12 bytes * 208 = 2496 lmem - not sure what lmemory is???

72+68 bytes shared memory = 140 bytes shared memory

140*208 = 29120 bytes > 16384 bytes of shared memory I am allowed

44 bytes constant memory * 208 = 9152 bytes < 65536 bytes of constant memory
I am allowed

Is there anyway I can reduce my shared memory, or is there a card that allows this kind of capacity of shared memory??

You should realy read the programming guide. You dont compute things like that.

you dont need to multiple the shared mem and constant memory by the number of threads.

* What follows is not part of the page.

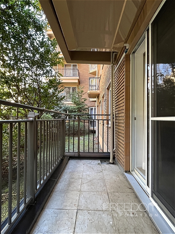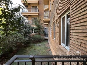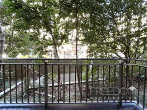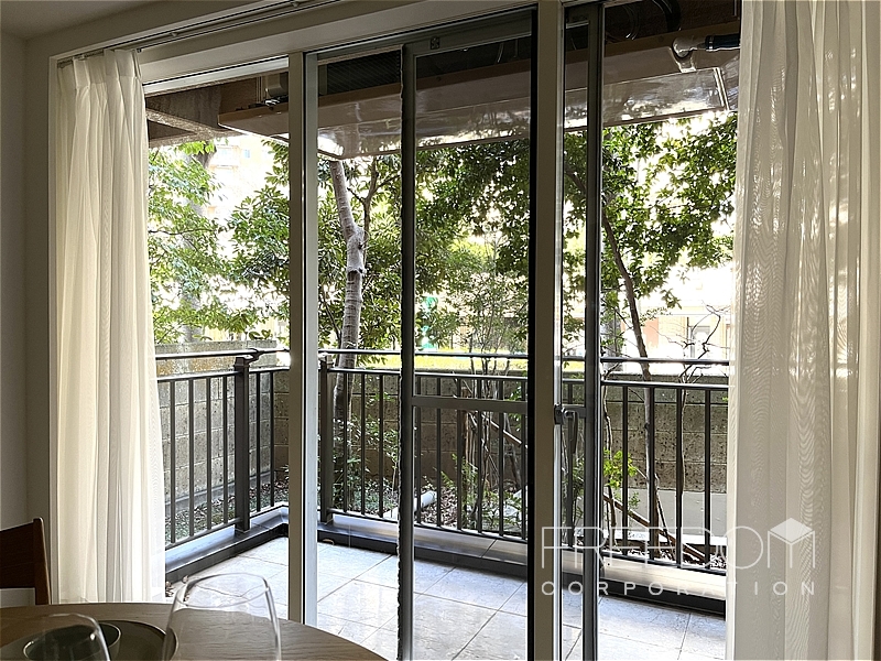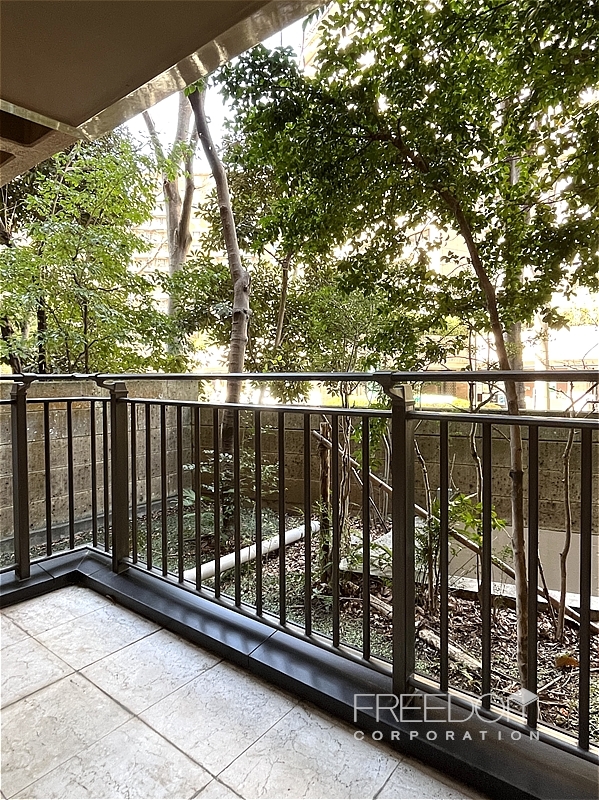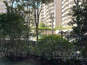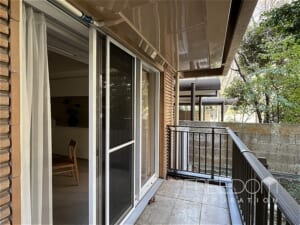 バルコニーもゆとりある広さです。美観への配慮から、室外機が頭上に設置されている点も広尾ガーデンヒルズらしい造り。1階ですが、木々がほどよく視線を遮ってくれるため、落ち着いた環境が保たれています。冬の時期でも常緑樹の緑を望めますが、新緑の季節には、いっそう爽やかな風景を眺められそうです。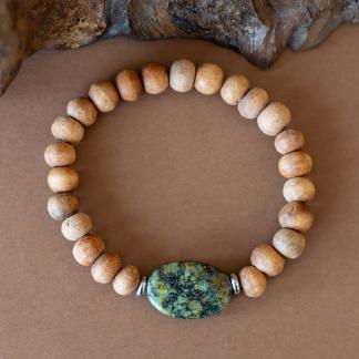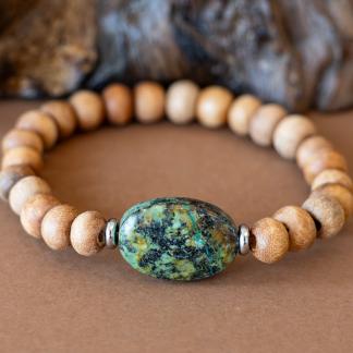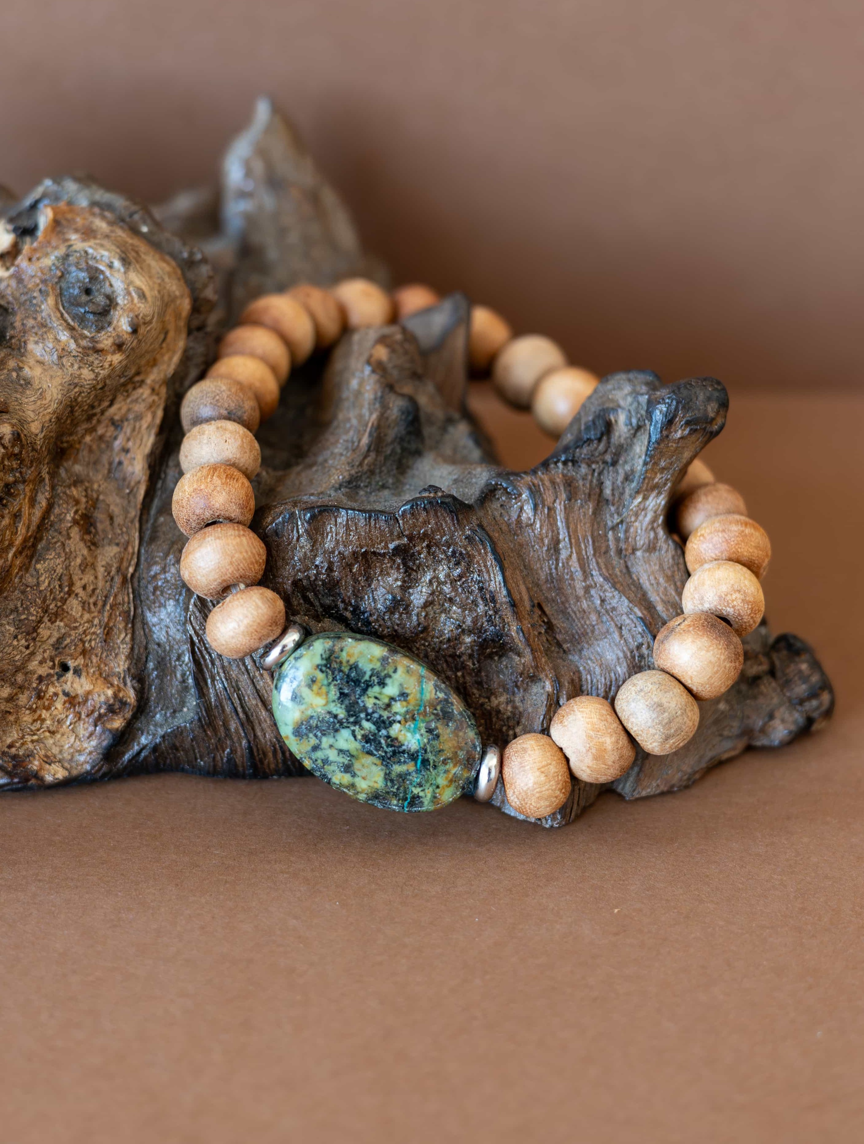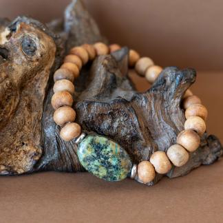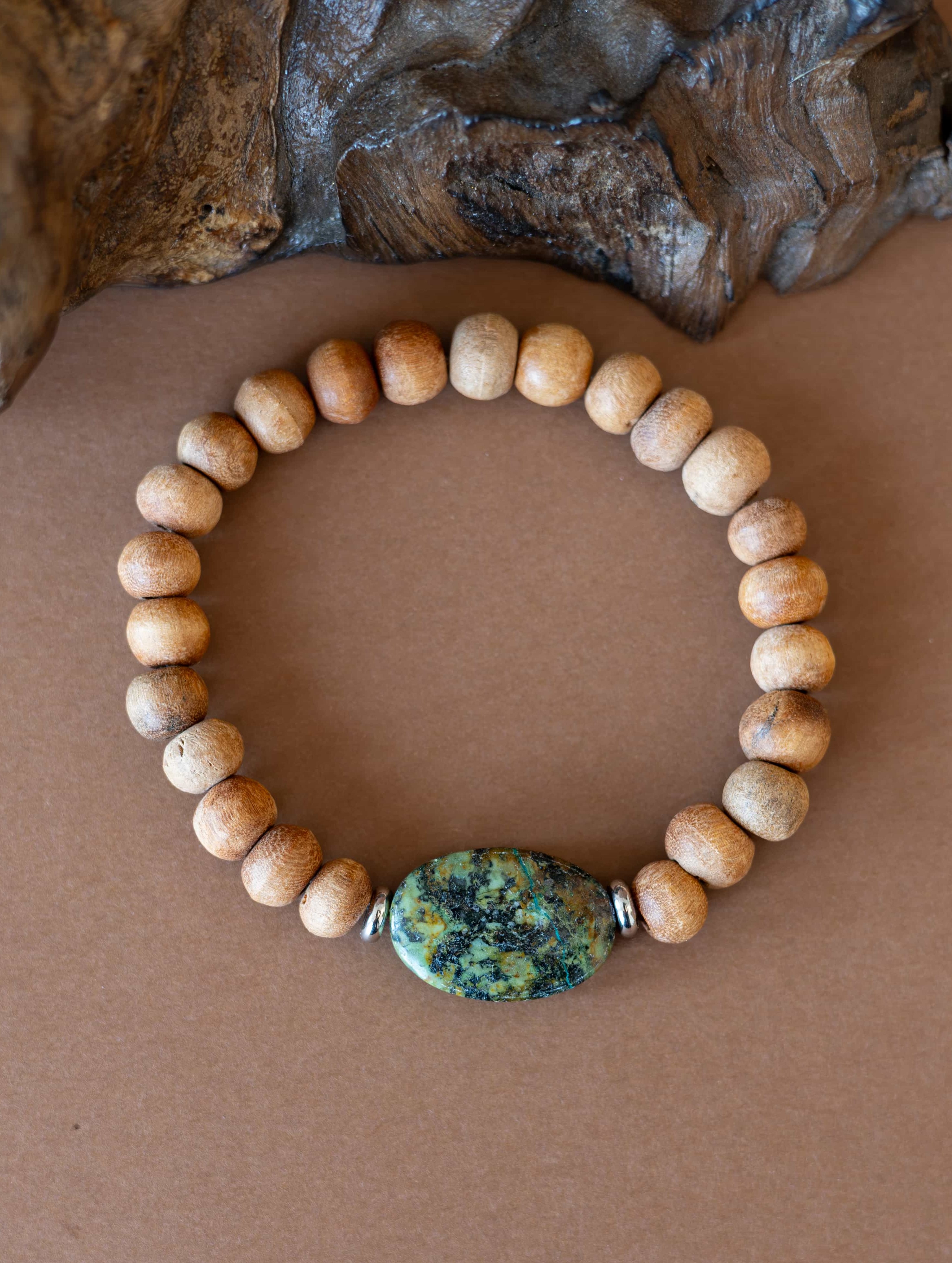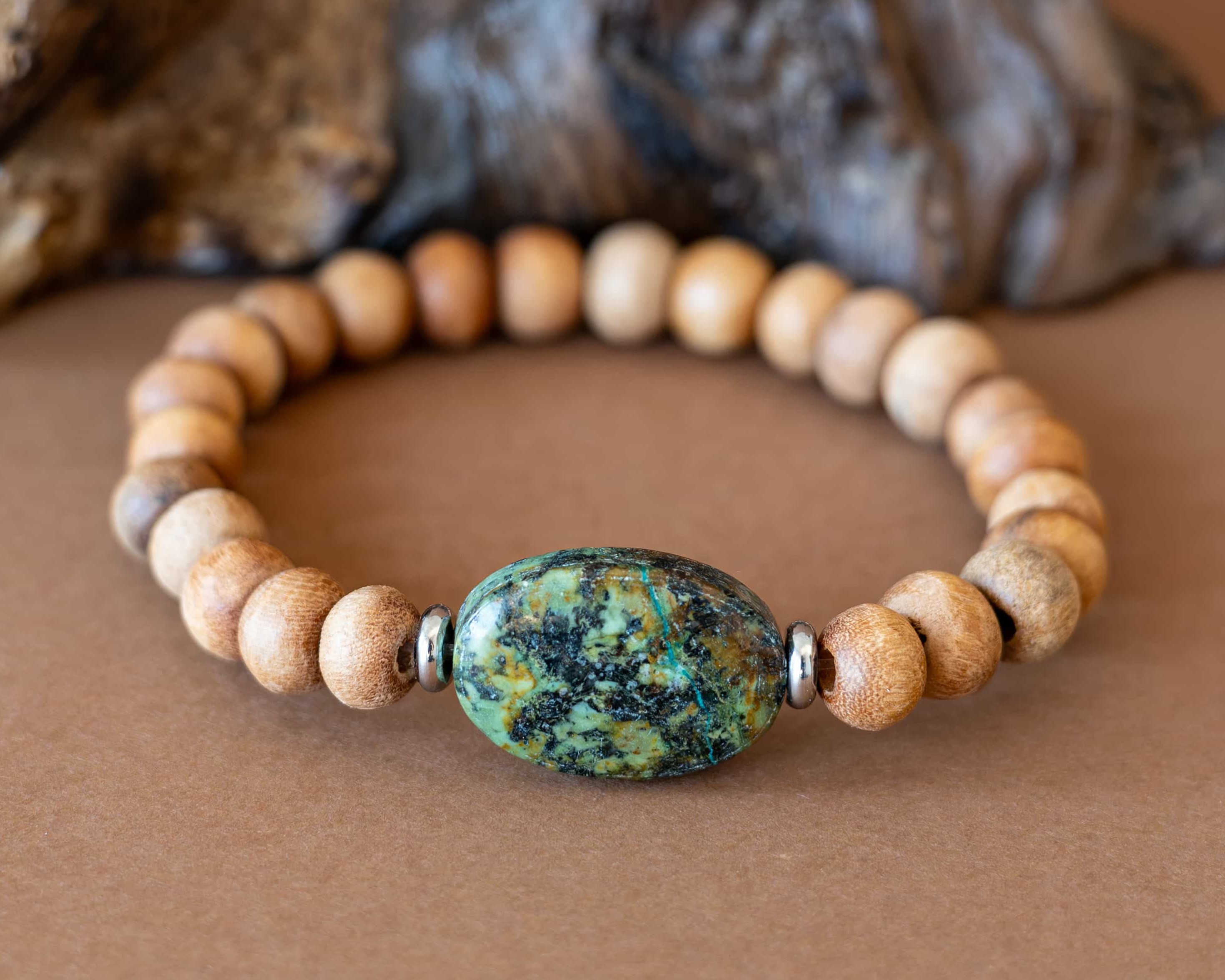 Náramek Důvěra je spojením tyrkysu, kamene ochrany a pravdy, a santalového dřeva, které přináší klid a harmonii. Jeho dominantou je velký valounek tyrkysu, který dodává náramku jedinečný charakter a připomíná sílu přirozeného bytí.

also 72+68 actually means you only use 72bytes per block and not per thread.

eyal

Using the occupancy calcultor with a compute capability 1.3 i get the following

1.) Select Compute Capability (click): 1.3

2.) Enter your resource usage:
Threads Per Block 256
Registers Per Thread 38
Shared Memory Per Block (bytes) 72

(Don’t edit anything below this line)

3.) GPU Occupancy Data is displayed here and in the graphs:
Active Threads per Multiprocessor 256
Active Warps per Multiprocessor 8
Active Thread Blocks per Multiprocessor 1
Occupancy of each Multiprocessor 25%

Physical Limits for GPU: 1.3
Threads / Warp 32
Warps / Multiprocessor 32
Threads / Multiprocessor 1024
Thread Blocks / Multiprocessor 8
Total # of 32-bit registers / Multiprocessor 16384
Register allocation unit size 512
Shared Memory / Multiprocessor (bytes) 16384
Warp allocation granularity (for register allocation) 2

Allocation Per Thread Block
Warps 8
Registers 9728
Shared Memory 512
These data are used in computing the occupancy data in blue

Maximum Thread Blocks Per Multiprocessor Blocks
Limited by Max Warps / Multiprocessor 4
Limited by Registers / Multiprocessor 1 (RED)
Limited by Shared Memory / Multiprocessor 32
Thread Block Limit Per Multiprocessor highlighted RED

Does this mean that the code would work under a card witha compute capability of 1.3??